## SOURCE MATERIAL

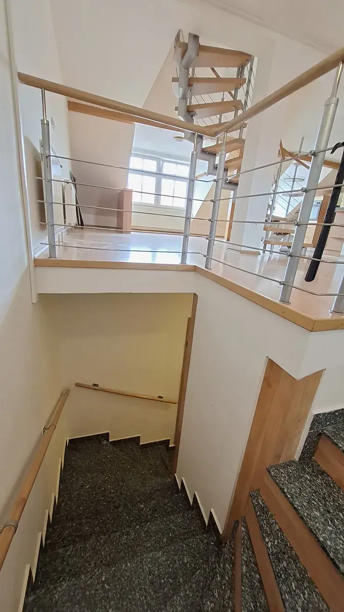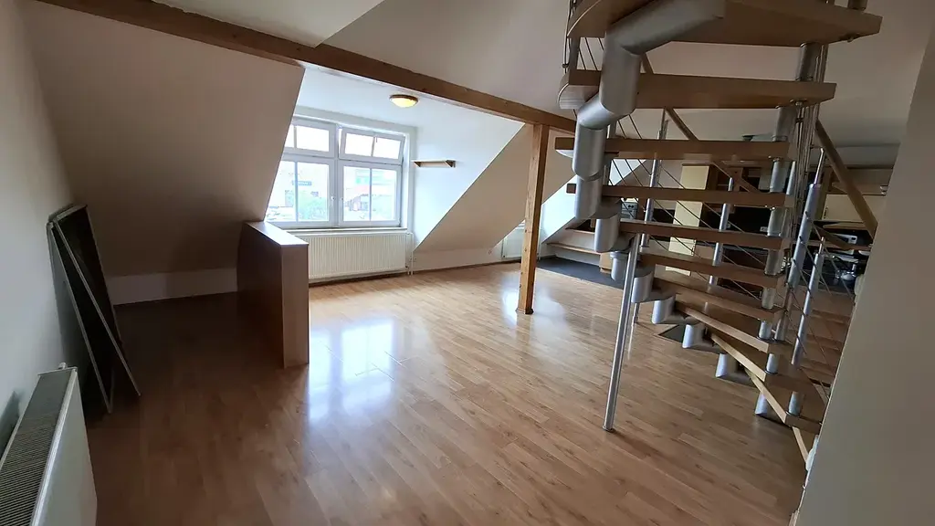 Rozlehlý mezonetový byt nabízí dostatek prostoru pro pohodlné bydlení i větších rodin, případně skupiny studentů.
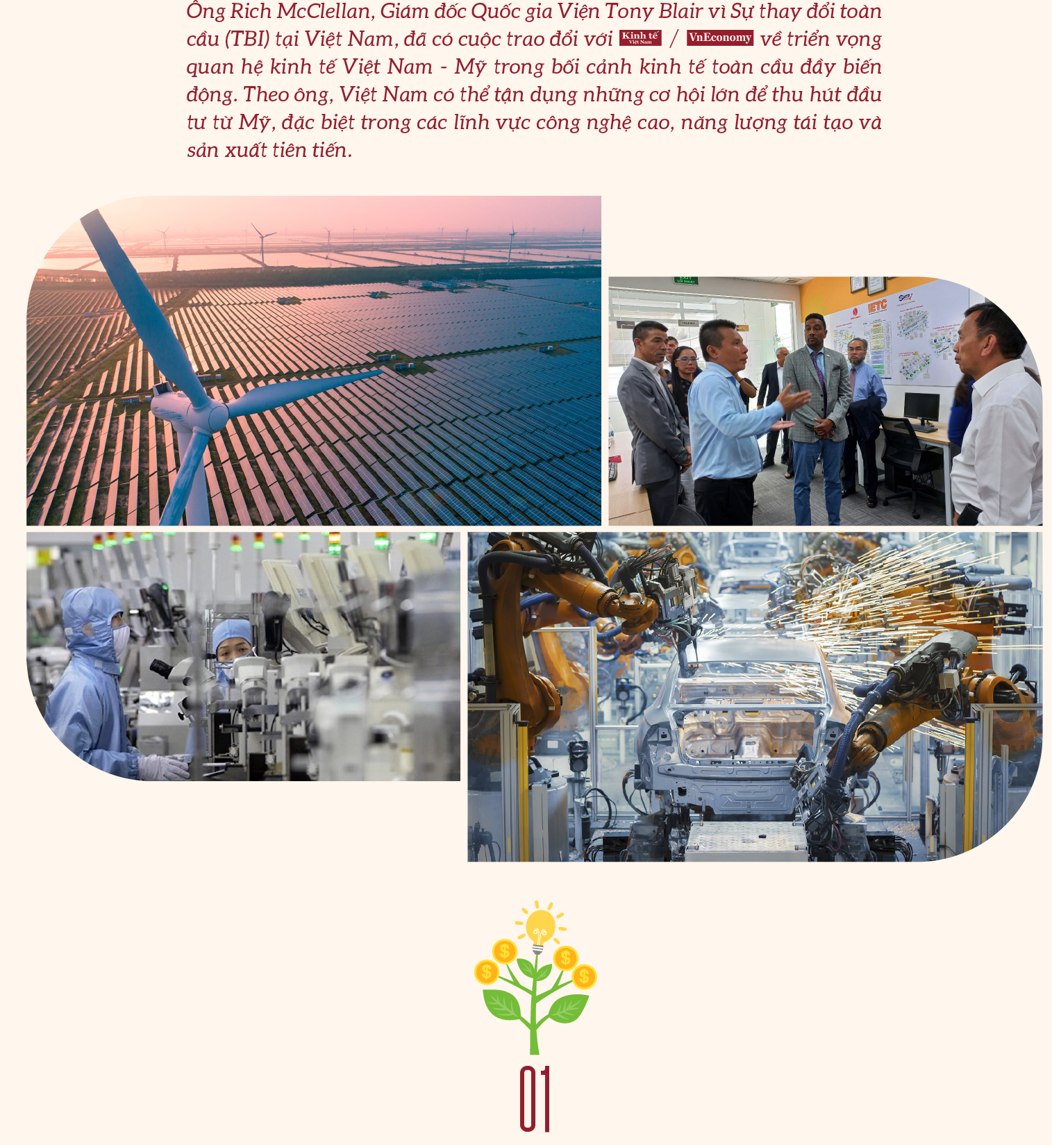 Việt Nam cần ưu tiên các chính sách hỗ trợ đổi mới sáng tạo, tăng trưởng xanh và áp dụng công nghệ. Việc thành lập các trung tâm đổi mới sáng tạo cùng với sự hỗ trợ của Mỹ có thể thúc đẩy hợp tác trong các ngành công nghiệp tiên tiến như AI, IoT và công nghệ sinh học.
--
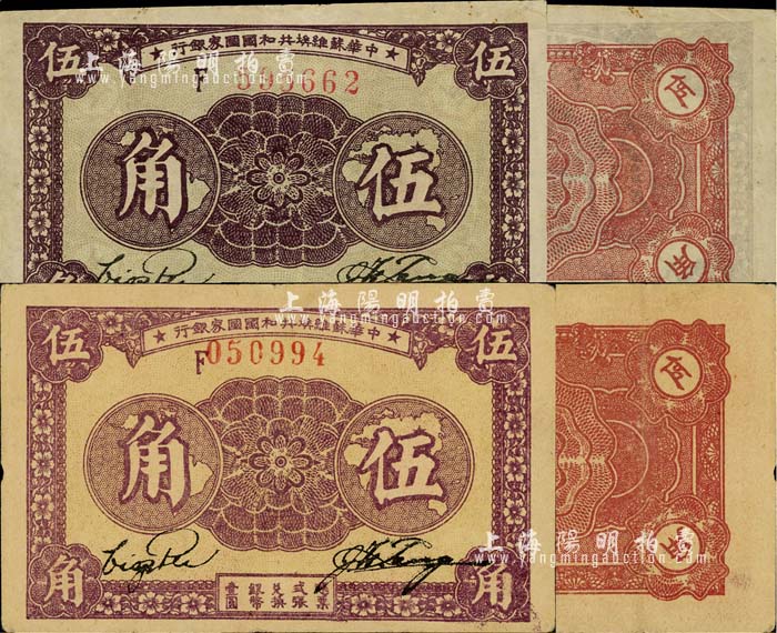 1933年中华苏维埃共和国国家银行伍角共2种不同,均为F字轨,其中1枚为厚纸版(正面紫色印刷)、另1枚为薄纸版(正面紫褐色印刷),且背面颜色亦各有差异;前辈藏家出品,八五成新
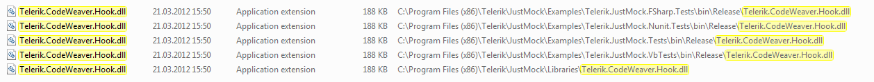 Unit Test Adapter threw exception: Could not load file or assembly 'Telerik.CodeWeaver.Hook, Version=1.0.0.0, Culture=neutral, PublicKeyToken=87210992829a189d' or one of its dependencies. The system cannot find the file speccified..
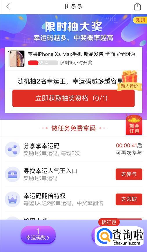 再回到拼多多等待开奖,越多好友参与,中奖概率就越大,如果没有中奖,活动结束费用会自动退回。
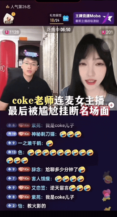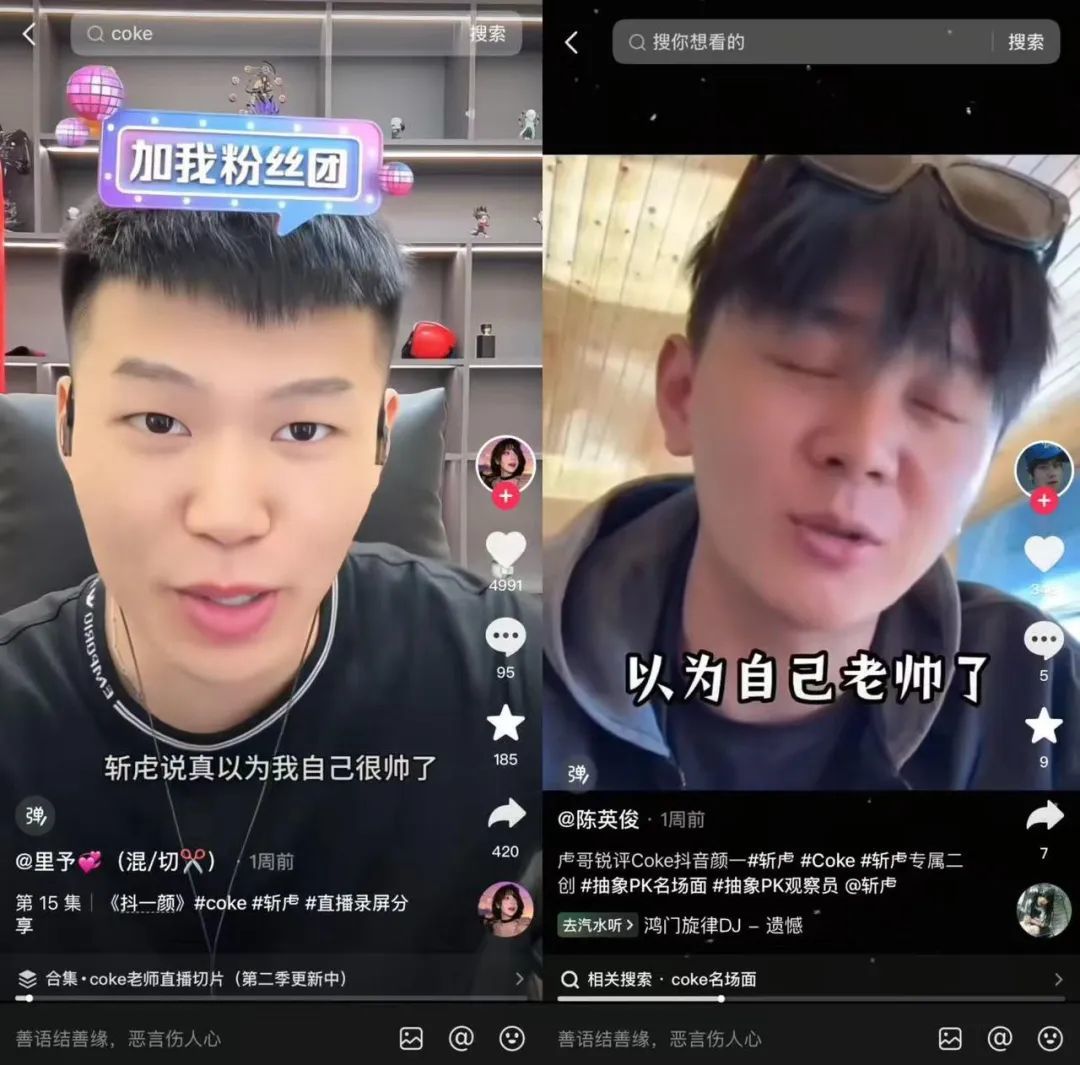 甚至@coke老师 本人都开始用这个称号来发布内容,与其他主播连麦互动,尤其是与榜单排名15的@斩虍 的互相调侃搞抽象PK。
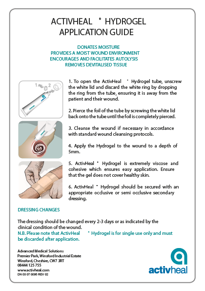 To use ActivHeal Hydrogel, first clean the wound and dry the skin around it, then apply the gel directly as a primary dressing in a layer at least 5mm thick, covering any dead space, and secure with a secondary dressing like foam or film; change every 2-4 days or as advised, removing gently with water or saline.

## TO DO
Print, word for word, the lines above that run from the line containing "Rozlehlý mezonetový byt" to the line containing "Việt Nam cần", both included. Keep the pictures out.

## SOLVED PROBLEM
 Rozlehlý mezonetový byt nabízí dostatek prostoru pro pohodlné bydlení i větších rodin, případně skupiny studentů.
 Việt Nam cần ưu tiên các chính sách hỗ trợ đổi mới sáng tạo, tăng trưởng xanh và áp dụng công nghệ. Việc thành lập các trung tâm đổi mới sáng tạo cùng với sự hỗ trợ của Mỹ có thể thúc đẩy hợp tác trong các ngành công nghiệp tiên tiến như AI, IoT và công nghệ sinh học.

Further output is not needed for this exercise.